In contrast, the vpc-public-private variant automatically sets up a private subnet, which makes the web application easier to scale, but also more costly to run. In Listing 1, the web application will run on a single virtual server (flavor = "simple") in the Amazon cloud (type = "aws").

Finally, a customization keyword lets you influence the development environment and follows the application type: in the example here, this is a Ruby application. The supported settings depend on the programming language. Listing 1, for example, stipulates that you need Ruby version 2.1.

Otto does not evaluate a modified or new Appfile until you call otto compile. You then may need to destroy the current development environment (otto dev destroy) and create a new one (otto dev). The developers are trying to sell this recompiling process as a feature; after all, members of a development team can make changes to the Appfile without it influencing the running development environment.

Turbocharger

Otto makes you want to come back for more: Just a handful of commands let you set up a development environment and deploy the finished application in the cloud.

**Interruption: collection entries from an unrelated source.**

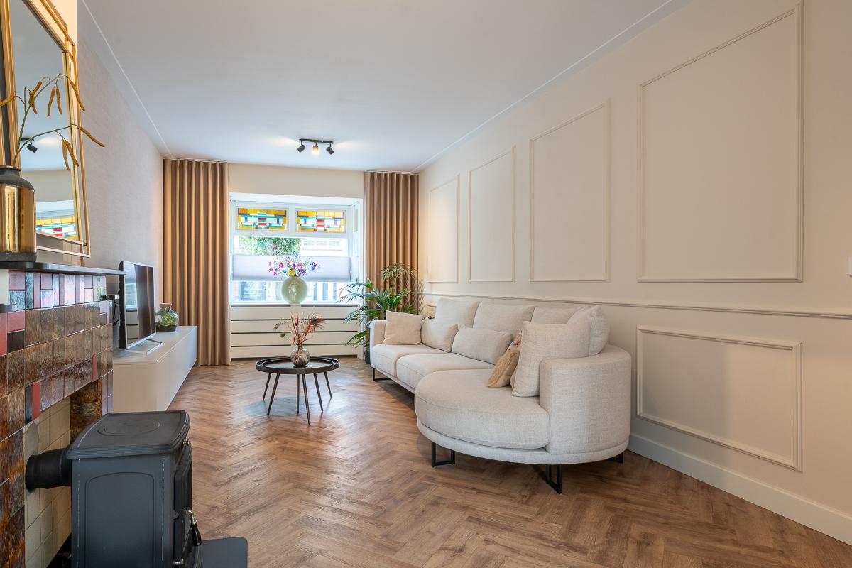 LIVING WOONKAMER De charmante woonkamer is aangenaam licht door de erker met glas in lood aan de voorzijde en geeft aan de achterzijde toegang tot de open leefkeuken. De woonkamer beschikt over een visgraat pvc-vloer, stucwerk plafondafwerking met sierlijsten, vaste kast voor opbergruimte en tot slot een sfeervolle houtkachel met originele schouw waardoor in deze ruimte optimaal woongenot is gecreëerd.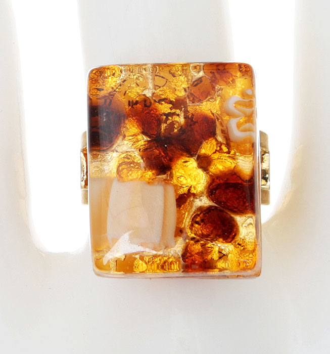 • Кольцо коктейльное "Медовый свет". Муранское стекло, бижутерный сплав золотого тона, ручная работа. Murano, Италия (Венеция). вид 2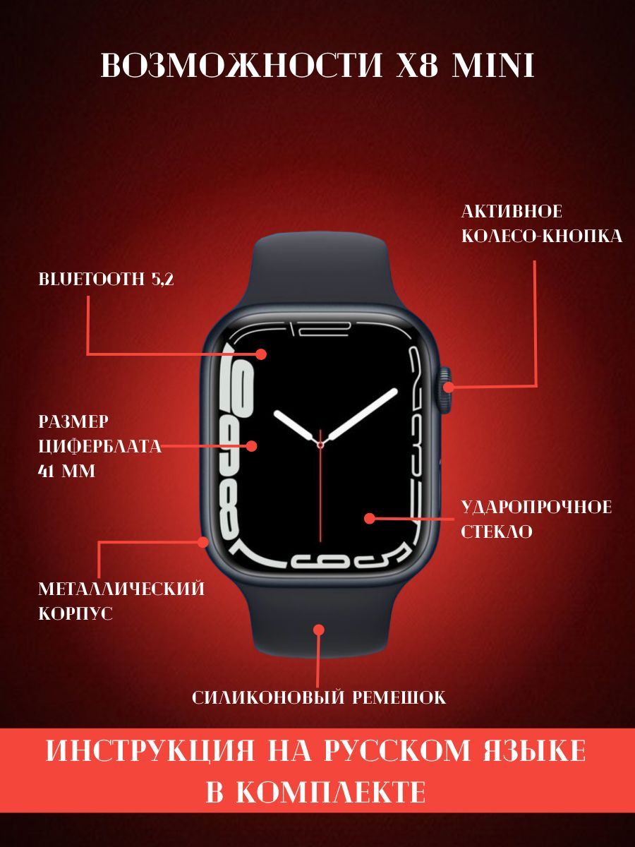 Описание: Smart Watch X8 miniУмные часы x8 mini это новинка с улучшенным динамиком и более быстрым процессором. Smart Watch x8 mini отлично подходят как для мужчин, так и для женщин. Отзывчивый сенсор и качественная синхронизация со смартфонами на платформах Android или iOS с помощью Bluetooth 5.2 порадуют своей точностью и стабильным соединением. Меню часов полностью на русском языке ,теперь пользоваться часами ещё удобнее.Быстрый заряд , долгое использование!Часы имеют емкость аккумулятора 380 mah, что позволяет работать им в активном режиме до 72 часов , а время автономной работы составляет до 7 дней! Быстрая беспроводная зарядка позволит полностью зарядить батарею менее чем за час.Следи за здоровьеми не только!Smart Watch X8 mini имеют множество встроенных функций :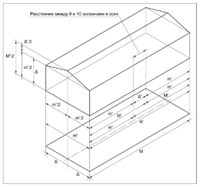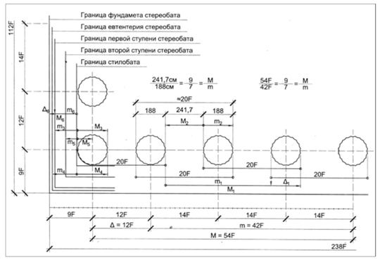 Рис. 6. Величины А, М, m и ∆ короткой стороны перистиля Парфенона. Автор А.В. Долгов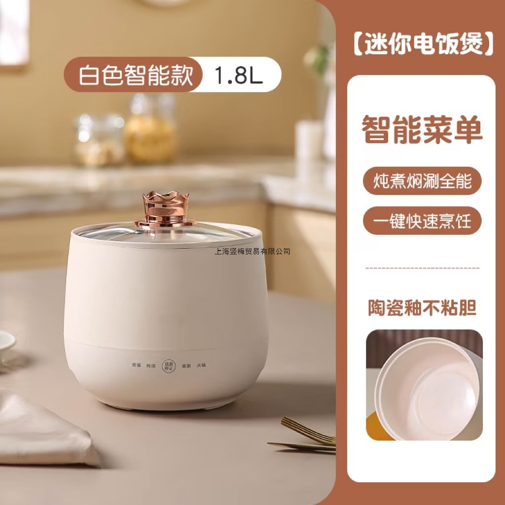 ミニ小型炊飯器家庭寮多機能ノンスティック炊飯器お粥スープ電気鍋 1.8L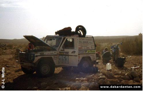 - Véhicule d'assistance ne rentrant pas dans le classement final. Les véhicules d'assistance étaient reconnaissables à leur numéros écrits en blanc sur fond bleu.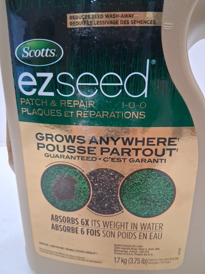 scotts ez seed patch & repair 3-in-1 mix of super absorbent mulch, premium grass seed and slow release fertilizer - 3.75lb/1.7kg (model: 0161)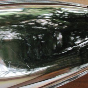 This is a very cool piece from the mid century era - reminiscent of Eames styling. This is a "Gourmates styled by Glo-Hill Canada" serving tray (and still has its sticker!). Glo-Hill was a Canadian Company from Montreal that produced high end chrome and bakelite items in the 1930 to 1970 era, and their pieces are currently making a huge resurgence in the home decor market. This long and slender chrome tray has the signature deep red bakelite handles and feet. It measures 15 inches long (including handles) and 5 1/4 inches wide at the middle.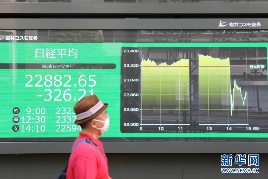 8月28日,日本東京街頭的一處電子股指顯示屏顯示,下午14時左右,受時任日本首相安倍晉三或因健康原因辭職影響,股市指數急速下跌。新華社記者 杜瀟逸 攝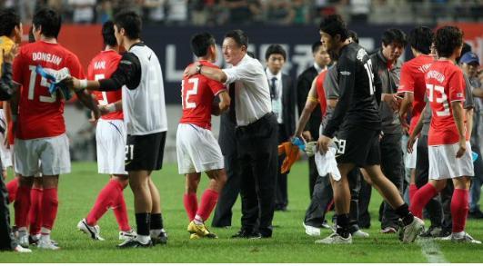 허정무 감독은 박주영과 이동국을 투톱으로 내세우고 좌우 날개에 박지성과 이청용을 기용했다.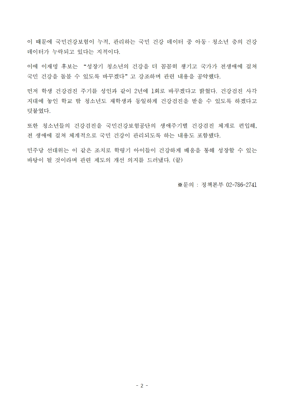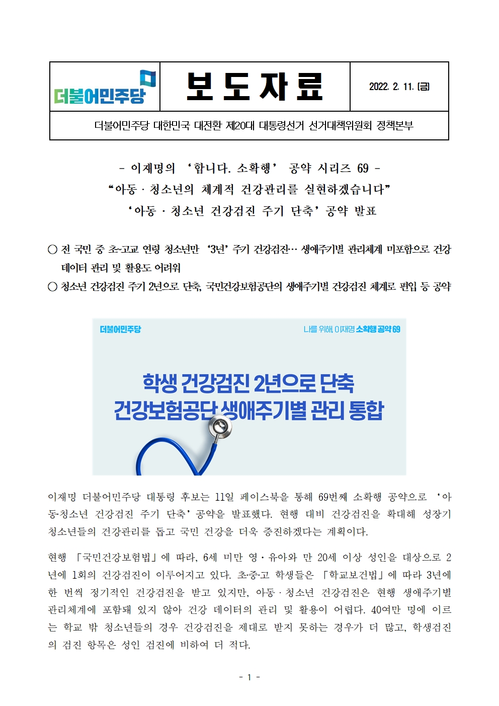 [보도자료] 더불어민주당 선대위 정책본부, '이재명은 합니다. 소확행 공약 시리즈 69' 아동·청소년 건강검진 주기 단축 공약 발표

Under the hood, well-known and proven tools such as Vagrant handle the hard work.

Of course, you can tell that Otto is at a very early stage of development. The biggest problems in version 0.1.2 were faulty resolution of dependencies and restriction to the Amazon cloud. The good documentation contains many promises for future versions on the roadmap [1].

However, even if the current version of Otto is not production capable, friends of DevOps in particular will want to keep a close eye on the system and follow its future development – after all, Otto will be replacing Vagrant in the long term if everything goes to HashiCorp's plans.